**EXERCISE PROMPT:**
Would you retype the line that contains "O rosa, de fato, só" and all lines following it to the end of the entries below, exactly and without pictures?

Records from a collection
◇ ◇ ◇ ◇ ◇ ◇ ◇

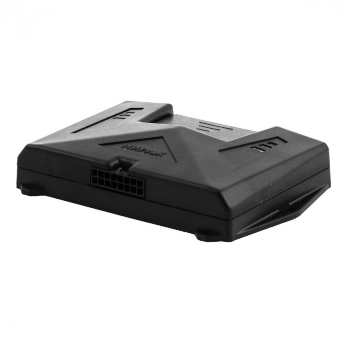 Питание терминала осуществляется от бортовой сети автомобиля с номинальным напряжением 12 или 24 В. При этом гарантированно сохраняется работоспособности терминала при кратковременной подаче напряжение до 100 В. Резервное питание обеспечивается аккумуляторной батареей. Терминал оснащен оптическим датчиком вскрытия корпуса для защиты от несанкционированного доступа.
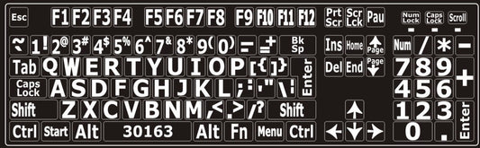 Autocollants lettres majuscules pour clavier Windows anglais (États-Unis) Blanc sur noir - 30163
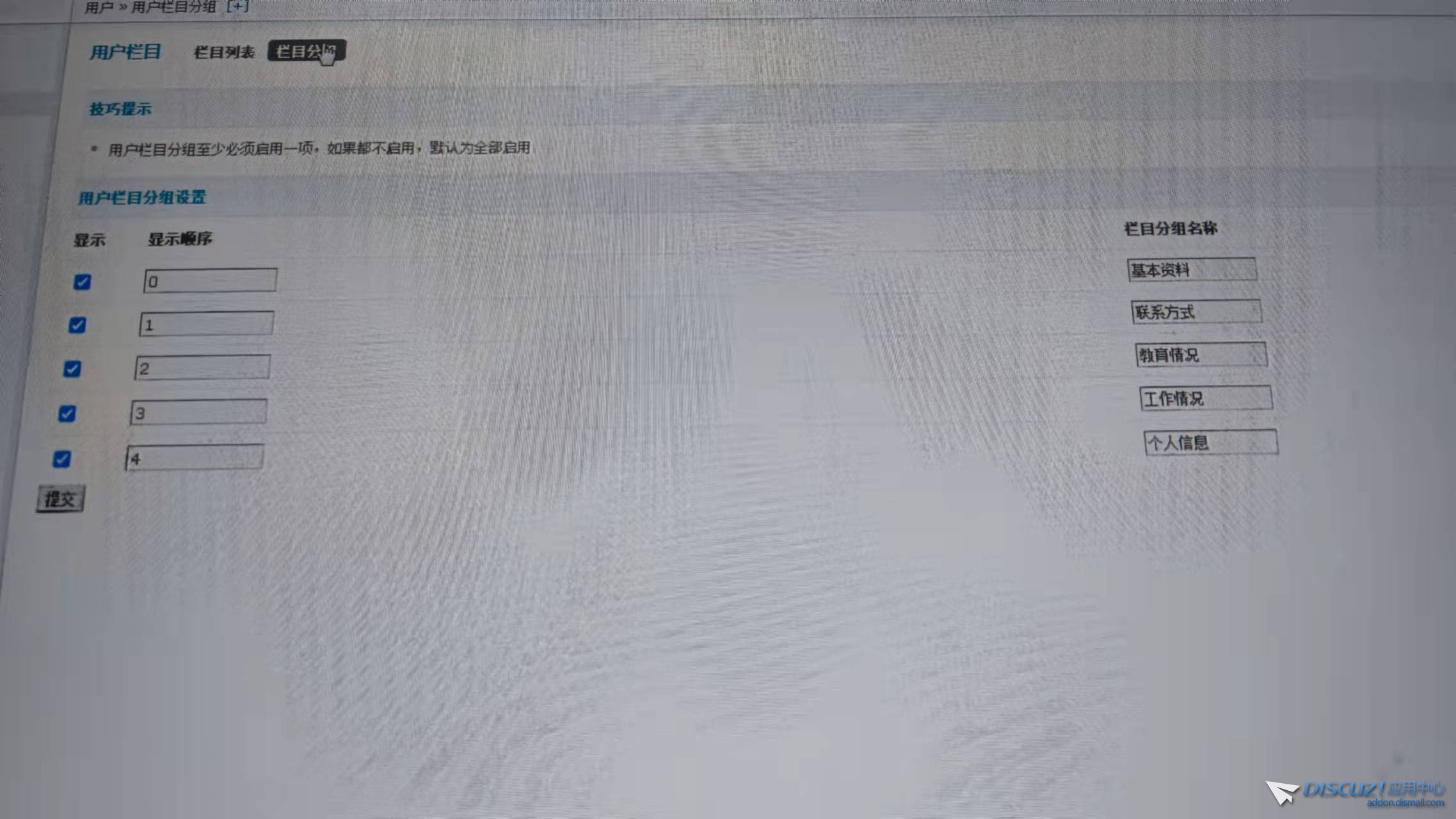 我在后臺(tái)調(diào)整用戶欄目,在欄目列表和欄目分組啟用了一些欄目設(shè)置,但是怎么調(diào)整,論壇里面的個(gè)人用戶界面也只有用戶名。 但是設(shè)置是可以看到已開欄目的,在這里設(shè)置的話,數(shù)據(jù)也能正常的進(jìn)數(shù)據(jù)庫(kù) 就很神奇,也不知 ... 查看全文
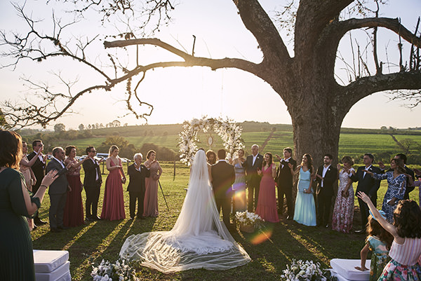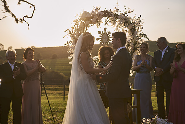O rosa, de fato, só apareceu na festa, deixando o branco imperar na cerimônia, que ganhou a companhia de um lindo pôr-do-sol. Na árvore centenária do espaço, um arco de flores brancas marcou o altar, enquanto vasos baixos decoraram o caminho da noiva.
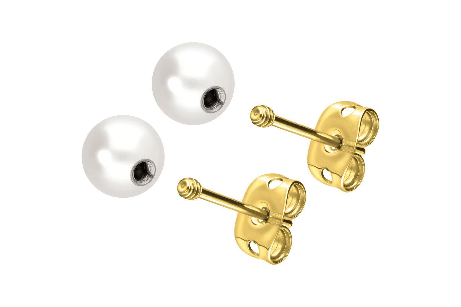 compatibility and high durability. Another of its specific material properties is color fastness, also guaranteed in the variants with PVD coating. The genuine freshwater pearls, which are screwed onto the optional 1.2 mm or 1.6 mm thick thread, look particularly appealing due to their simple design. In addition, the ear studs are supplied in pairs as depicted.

◇ ◇ ◇ ◇ ◇ ◇ ◇

**OUTPUT OF THE EXERCISE:**
O rosa, de fato, só apareceu na festa, deixando o branco imperar na cerimônia, que ganhou a companhia de um lindo pôr-do-sol. Na árvore centenária do espaço, um arco de flores brancas marcou o altar, enquanto vasos baixos decoraram o caminho da noiva.
 compatibility and high durability. Another of its specific material properties is color fastness, also guaranteed in the variants with PVD coating. The genuine freshwater pearls, which are screwed onto the optional 1.2 mm or 1.6 mm thick thread, look particularly appealing due to their simple design. In addition, the ear studs are supplied in pairs as depicted.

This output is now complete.